To my disappointment the driver file’s dates (dne64x.sys) revealed nothing. I did not install anything in 2008 – I run Windows 7…

Then I had the idea of checking the registry. Each driver has a key under HKEY_LOCAL_MACHINE\SYSTEM\CurrentControlSet\services. And each registry key has a timestamp that gets updated whenever the key itself or a direct sub-object of the key get changed. So I only had to get the timestamp of the key HKEY_LOCAL_MACHINE\SYSTEM\CurrentControlSet\services\DNE in order to know when that driver had been installed.

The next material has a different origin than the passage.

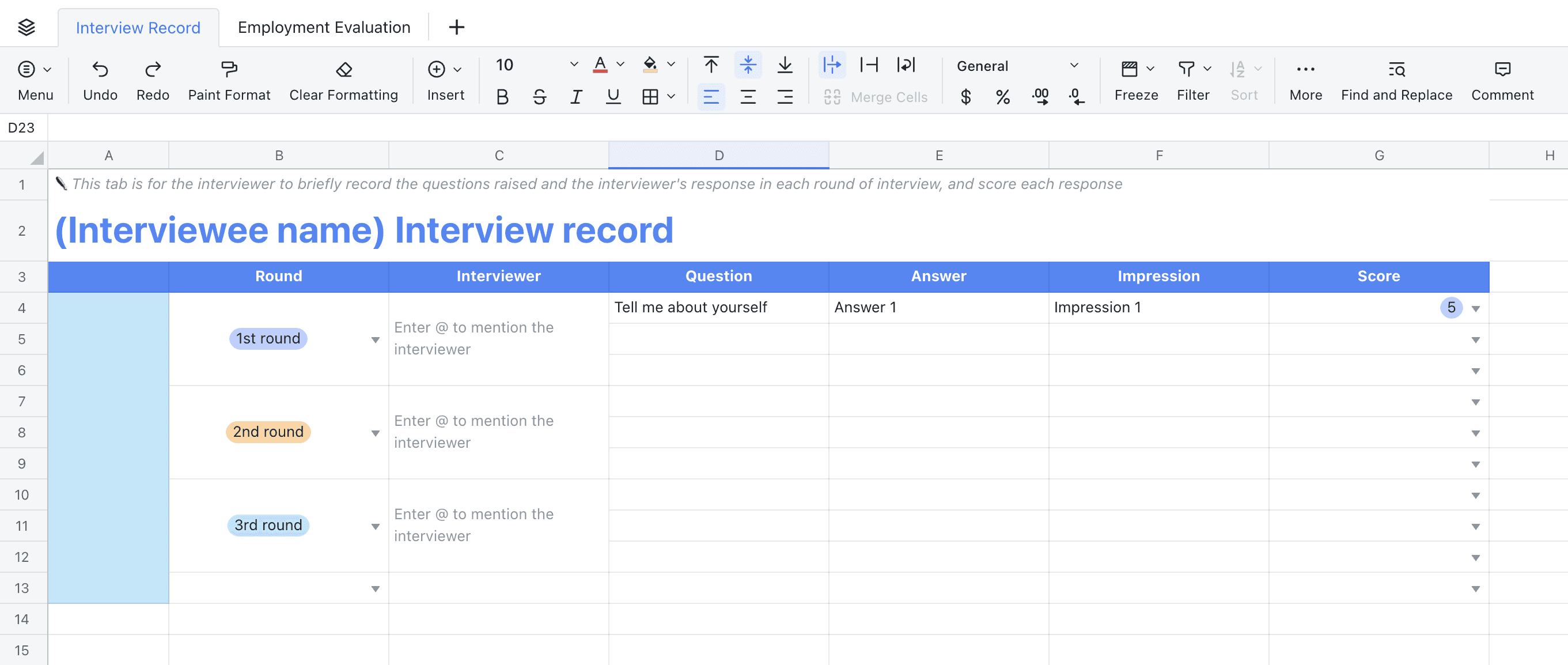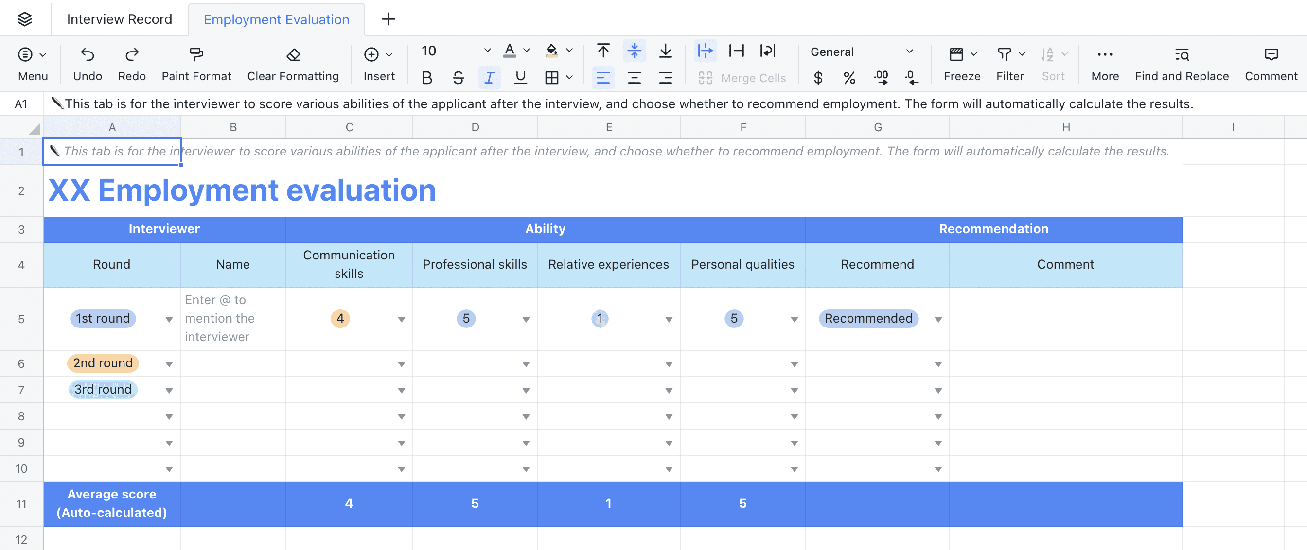 This template is designed to help interviewers record questions, answers, and impressions during each round of interviews. It also allows interviewers to score various abilities of the applicant after the interview and choose whether to recommend employment. The form will automatically calculate the results, making it easier to evaluate candidates and make informed hiring decisions.
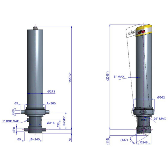 Цей гідроциліндр, призначений для широкого спектра завдань, має діаметр 191 мм та оснащений 6 штоками, що дозволяє піднімати вантажі масою до 40 тонн при загальному ході 9500 мм. Максимальний робочий тиск 170 бар забезпечує можливість роботи з великими навантаженнями, дозволяючи встановлювати більш компактні циліндри на вантажівки, економлячи простір та знижуючи вагу конструкції. Модель FC A191-6-09500-079-K0343-HC серії Alpha застосовується переважно з прямим корпусним з’єднанням та цапфовим кріпленням.

But… although I run the seventh incarnation of Windows its registry editor has not changed much for at least a decade. Regedit.exe has many shortcomings, one of them being that it does not show timestamps for registry keys. Luckily, other programmers are more than happy to fill the void. I found the interesting tool Registry Commander – one of its capabilities is to show registry key timestamps. It looks like this:

And that was the answer I sought. The DNE driver was indeed installed by the CAG client. Now I can safely disable or uninstall that driver.

What about you? Have you used any alternative registry editors? Do you prefer them over Regedit?